Add domain aliases, or redirects, for ISO 639-2/3 language codes
Closed, InvalidPublic

Description

Each two-letter language code (of ISO 639-1) has an equivalent three-letter code (as of ISO 639-2, and -3)

Since WMF servers use a mix of ISO 639-1 and ISO 639-2/3 (and some made up) codes for the language subdomains of their servers, it would aid those wanting to automatically link to them from multilanguage environments, and those who cannot memorize "the other" set of abbreviations, if servers were reachable under arbitray codes.
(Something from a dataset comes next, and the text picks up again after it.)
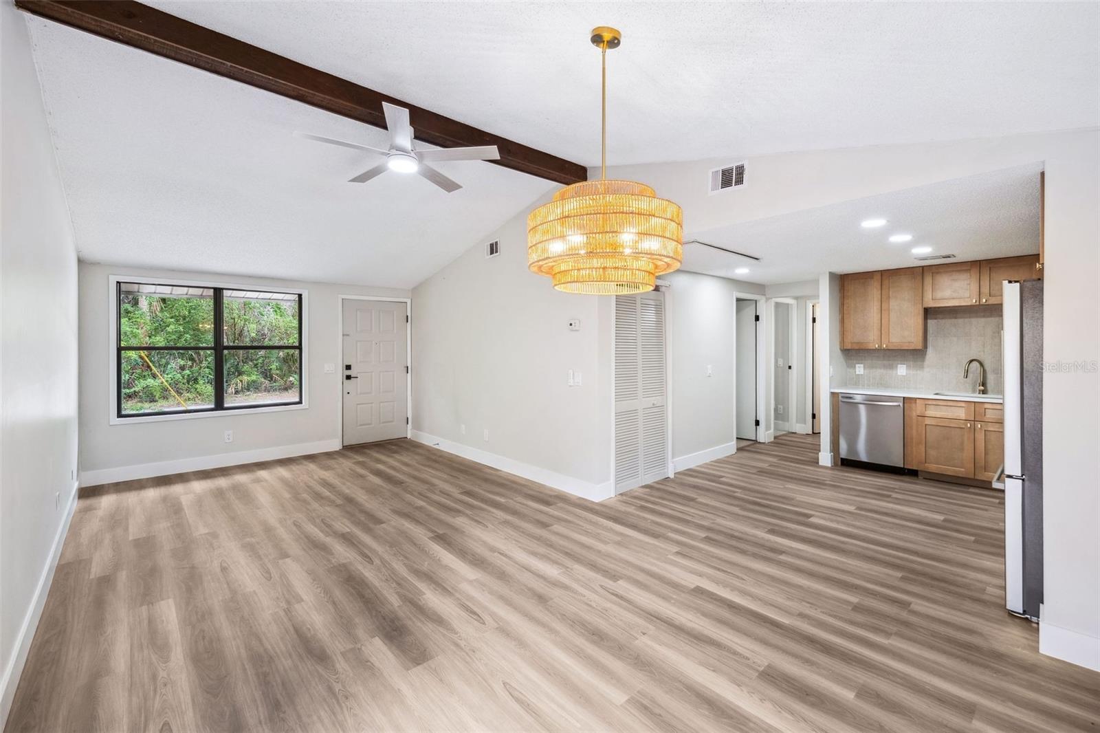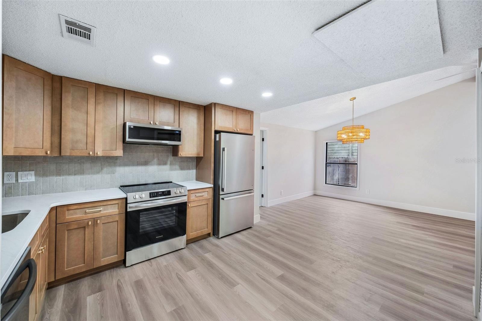 This is a fully remodeled 3-bedroom house in Daytona. This property features extensive updates, making it a truly move-in ready home. The renovations include: * A brand new plumbing system throughout, complete with newly installed plumbing fixtures and toilets in all bathrooms. * A brand new water heater. * Brand new luxury vinyl plank flooring installed throughout the common areas and guest bathroom, along with new custom patterned carpet in the bedrooms. * A newly repainted interior and exterior, including the garage. * Brand new light fixtures and electrical devices throughout the home. * New door and cabinet hardware throughout. * A kitchen featuring new custom cabinetry topped with new quartz countertops and a custom tile backsplash. * A primary bathroom with a new custom double-sink vanity with a white engineered marble top, brand new custom tile flooring, and new plumbing, electrical fixtures, and hardware. * A guest bathroom that includes a brand new vanity with a ceramic countertop, new LVP flooring, a brand new tub with tub surround inserts, and new plumbing, electrical fixtures, and hardware. * Refreshed landscaping with new mulch and plants in the front flower beds. * Confirmation of full and proper functionality of the recently inspected septic system.

There are no conflicts.

This could be had in two ways:

  1. on the DNS level, the three-letter-code-domain could be made an alias of, or cname to, the two-letter-code-domain.
  1. on the http level, all requests reaching a server via the three-letter-code-domain could be redirected to the appropriate two-letter-code-domain, using the http "redirect permanently" response code.

Imho the latter is preferrable because it creates less net traffic and server load while at the same time allowing linksetters to use any code set.
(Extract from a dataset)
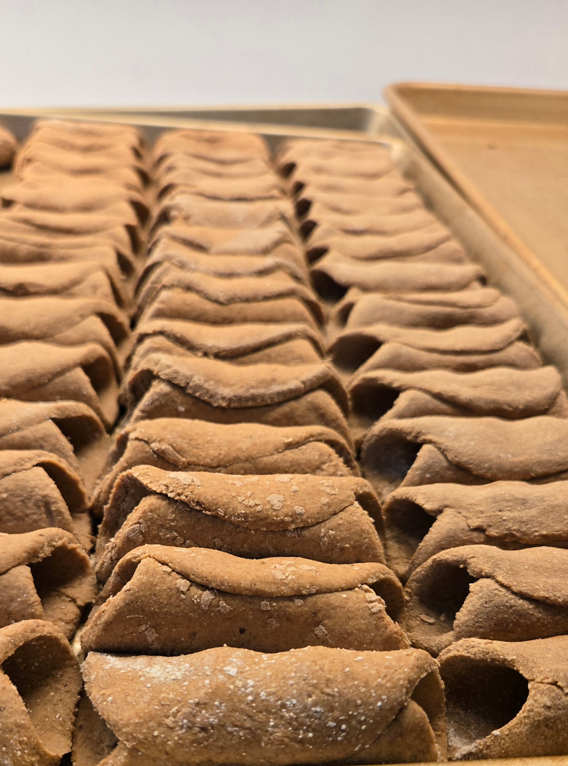 Introducing a tail-wagging treat that will make your dog's day, filled with cream cheese, and honey. These specially crafted treats offer a combination of flavours that dogs adore. With the creamy goodness of cream cheese, banana, and a touch of natural sweetness from honey, these Paw'Nolis provide a delightful and wholesome indulgence for your furry friend.

I don't know how many of the these codes are affected: While ISO 639-2 codes generally overlap with ISO 639-3 code, there are few languages, where ISO 639-2 offers additional ones, which are not present, and not used, in ISO 639-3. Also these could and should be redirected to their ISO 639-1 equivalents.

http://www.loc.gov/standards/iso639-2/php/code_list.php
gives a mapping of both code sets to the 2-letter codes


Version: unspecified
Severity: enhancement

Details

Reference
bz14010

Event Timeline

bzimport raised the priority of this task from to Medium.Nov 21 2014, 10:09 PM
bzimport set Reference to bz14010.

Should probably have a look over the updated RFCs; originally we attempted to more or less follow RFC 3066, which has since been superseded...

http://www.w3.org/blog/International/2006/09/11/rfc_3066_tags_for_identifying_languages_

http://www.rfc-editor.org/rfc/rfc4646.txt

http://www.rfc-editor.org/rfc/rfc4647.txt

Assigned: Brion, as he should probably have a look over the updated RFCs :)

RFC 4646 para 2.2.1:

"Note: For languages that have both an ISO 639-1 two-character code
and an ISO 639-2 three-character code, only the ISO 639-1 two-
character code is defined in the IANA registry."

This indicates pretty clearly to me that we should *not* use the three-letter codes for those languages for which two-letter codes are registered, since they wouldn't be considered valid RFC 4646 language codes for web usage. If we're not using them, and there's no past usage to drive traffic, there's little or no reason to go adding redirects.

Resolving as INVALID, as request was made on the incorrect basis that we use "a mix of ISO 639-1 and ISO 639-2/3". Rather than the implied unordered mix (in which case trying to redirect everything to everything else could make a lot of sense), we have always attempted to simply abide by RFC 3066 (superseded by RFC 4646), which is quite clear about the method in which it draws from those sources. Since there is no ambiguity, there's no need to provide alternates.